Thanks for the welcome. I'll post pics later. 

It's a chain link fence enclosure, 800 sq ft, made of small chain link mesh (1.25 in). It is 80 ft long, 10 ft wide, 8 ft tall, with a chain-link fence roof -- completely enclosed with posts and fence 2 ft into the ground. It has a mostly natural dirt floor with concrete paver paths throughout. Four large litter pans that I refill with sand once a week. I have built many things for them to play on and to sleep in and on. Half the enclosure is covered with tarps to give them some shade and protection from the rain. The enclosure is attached to our 20 ft x 8 ft enclosed outdoor porch using a standard size door. There is a cat door into the house from the enclosed porch so kitties can roam from the house to the porch to the enclosure whenever they want -- and so can humans. Our three feral cats mostly stay out in the enclosure but occasionally come inside. There is a heated sleeping "building" if they want to stay outside in colder weather. It doesn't get very cold here.


----------



## Farciot Eduart (Jan 29, 2009)

Mitts & Tess said:


> Welcome! Another cat lover in Arizona. Great. We've been posting cateos and cat runs and cat enclosures. Would love to see yours!

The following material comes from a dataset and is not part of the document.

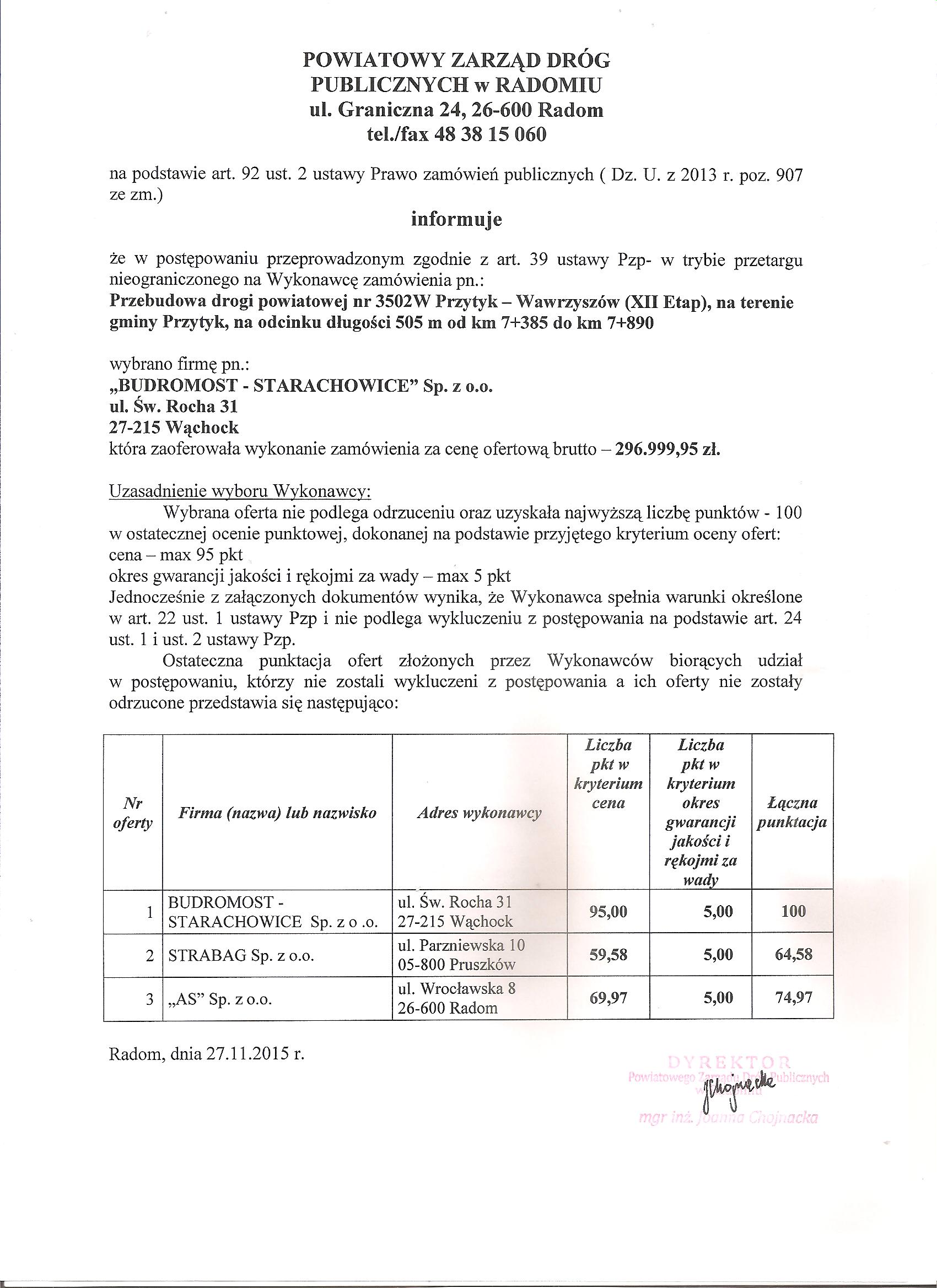 Przebudowa drogi powiatowej nr 3502W Przytyk - Wawrzyszów (XII Etap)

Thanks. We've been here for 17 years now -- still love it. Always feel like I'm on vacation.


----------



## Mitts & Tess (Sep 4, 2004)

If your in Tucson, lots of good changes ramping up for ferals and rescue. 

Glad you're on CF to share your experiences. Your set up sounds wonderful!


----------



## Jetlaya67 (Sep 26, 2012)

Welcome to the forum! Oh you have some lucky kitties. What a great place for them. Please post pictures!


----------



## Farciot Eduart (Jan 29, 2009)

Mitts & Tess said:


> If your in Tucson, lots of good changes ramping up for ferals and rescue.
> 
> Glad you're on CF to share your experiences. Your set up sounds wonderful!


Thank you. I promise to post some pics later on.

We've had about 7-8 feral cats over the years. It usually takes a week or so to capture them. They show up because of our cats, my wife starts feeding them, we give them some catnip, I lure them inside with catnip and close the door behind them. I catch them with a fish-net, take them to the vet for neutering (every one of the feral cats so far has been male), shots, and dentals, then bring them home and turn them loose in the enclosure. Sometimes they will get tame enough to be petted and picked up -- sometimes not.


----------



## Farciot Eduart (Jan 29, 2009)

Jetlaya67 said:


> Welcome to the forum! Oh you have some lucky kitties. What a great place for them. Please post pictures!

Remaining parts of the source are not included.